* _The problem_: Pictures in the material below are to be left out, and only the lines from the line with "Nämä Purely Nutritionin" up to and including the line with "タイでは耐震対策として、20" are to be written out exactly.

* _Data for analysis_:
####################

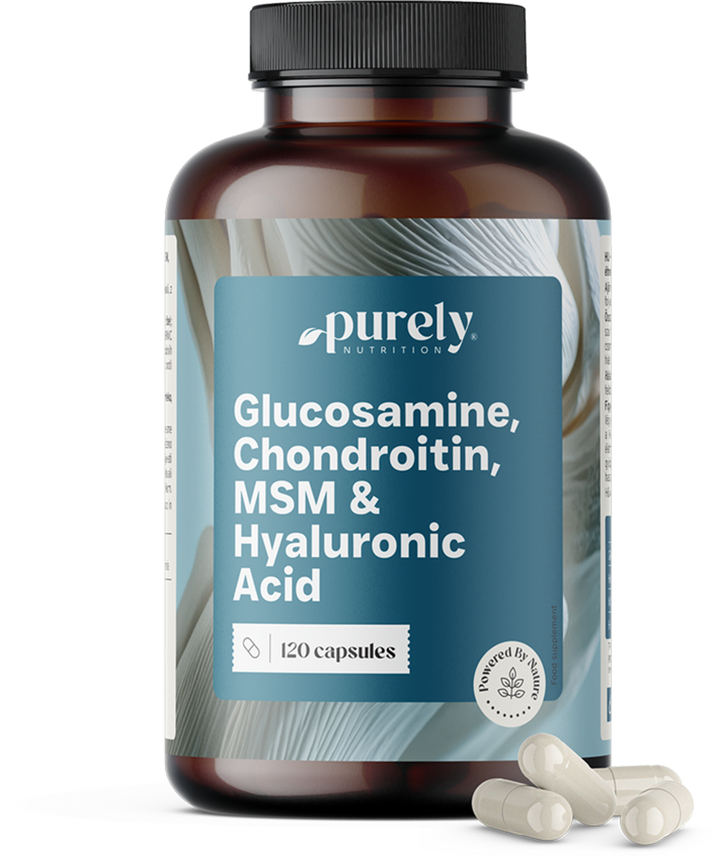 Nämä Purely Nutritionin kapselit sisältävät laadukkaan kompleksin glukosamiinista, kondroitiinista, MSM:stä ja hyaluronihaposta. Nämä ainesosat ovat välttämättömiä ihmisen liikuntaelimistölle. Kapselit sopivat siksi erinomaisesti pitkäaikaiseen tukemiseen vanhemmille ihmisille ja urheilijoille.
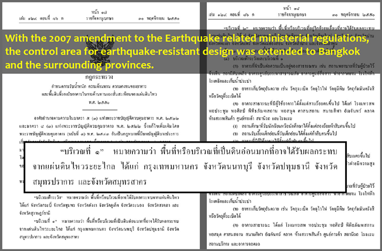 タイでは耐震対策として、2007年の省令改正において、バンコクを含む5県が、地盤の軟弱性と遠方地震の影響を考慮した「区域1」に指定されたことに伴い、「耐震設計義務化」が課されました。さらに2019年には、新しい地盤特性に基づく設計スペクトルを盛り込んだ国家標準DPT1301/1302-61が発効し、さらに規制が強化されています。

####################

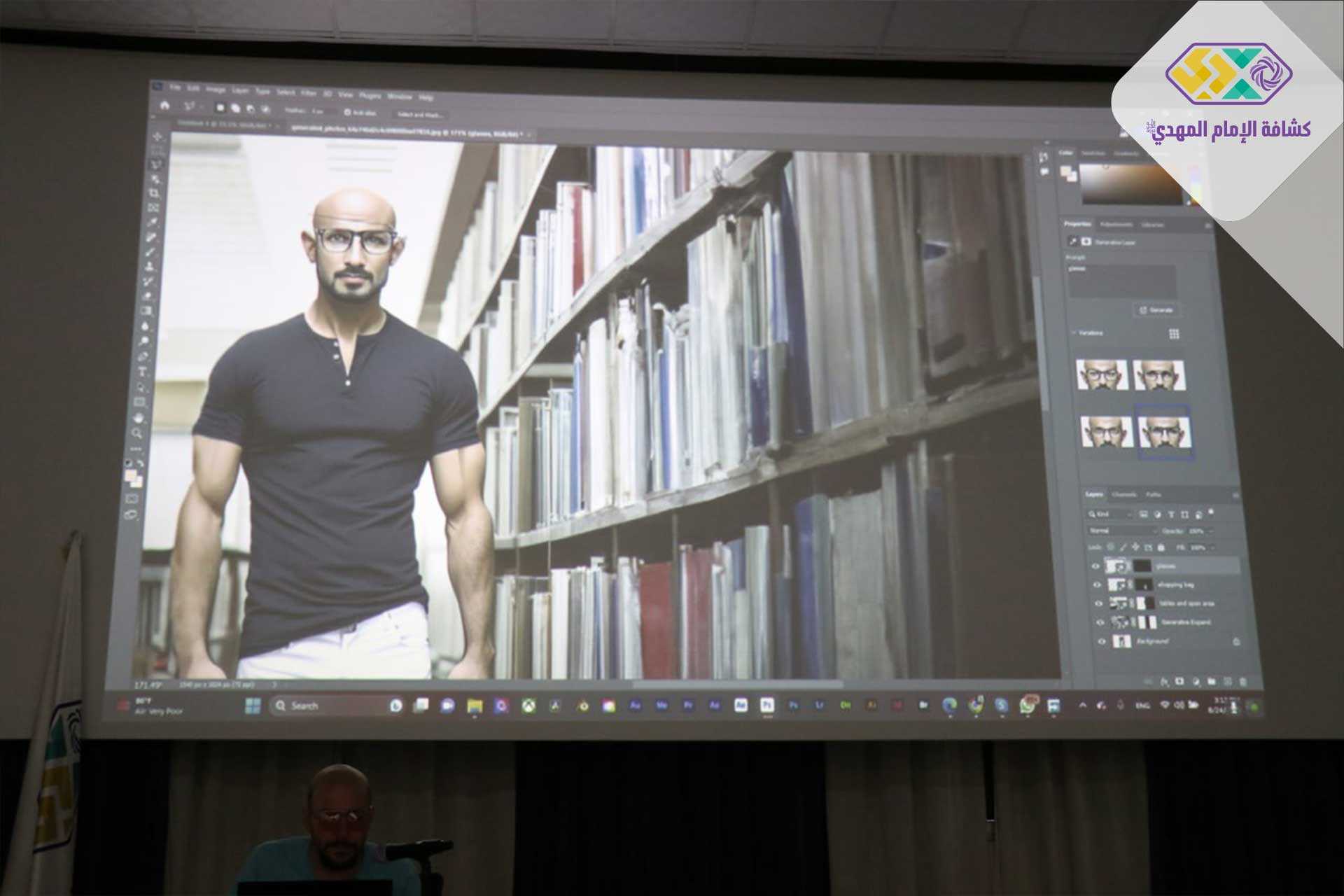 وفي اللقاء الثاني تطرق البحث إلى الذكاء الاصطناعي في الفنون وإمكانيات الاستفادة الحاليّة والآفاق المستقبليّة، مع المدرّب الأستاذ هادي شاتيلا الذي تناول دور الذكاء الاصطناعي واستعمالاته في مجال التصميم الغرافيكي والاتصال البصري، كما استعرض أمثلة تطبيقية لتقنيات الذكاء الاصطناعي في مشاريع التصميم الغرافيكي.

####################

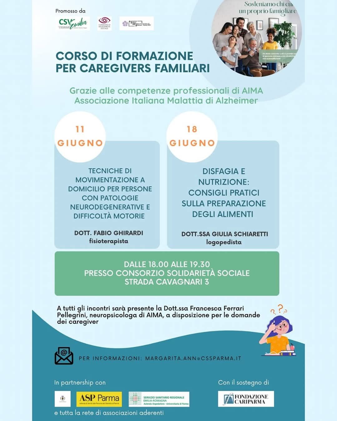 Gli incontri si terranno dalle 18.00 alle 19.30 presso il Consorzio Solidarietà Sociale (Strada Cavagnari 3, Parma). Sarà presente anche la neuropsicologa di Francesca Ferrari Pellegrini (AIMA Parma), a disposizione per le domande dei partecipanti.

####################

* _Task solution_:
 Nämä Purely Nutritionin kapselit sisältävät laadukkaan kompleksin glukosamiinista, kondroitiinista, MSM:stä ja hyaluronihaposta. Nämä ainesosat ovat välttämättömiä ihmisen liikuntaelimistölle. Kapselit sopivat siksi erinomaisesti pitkäaikaiseen tukemiseen vanhemmille ihmisille ja urheilijoille.
 タイでは耐震対策として、2007年の省令改正において、バンコクを含む5県が、地盤の軟弱性と遠方地震の影響を考慮した「区域1」に指定されたことに伴い、「耐震設計義務化」が課されました。さらに2019年には、新しい地盤特性に基づく設計スペクトルを盛り込んだ国家標準DPT1301/1302-61が発効し、さらに規制が強化されています。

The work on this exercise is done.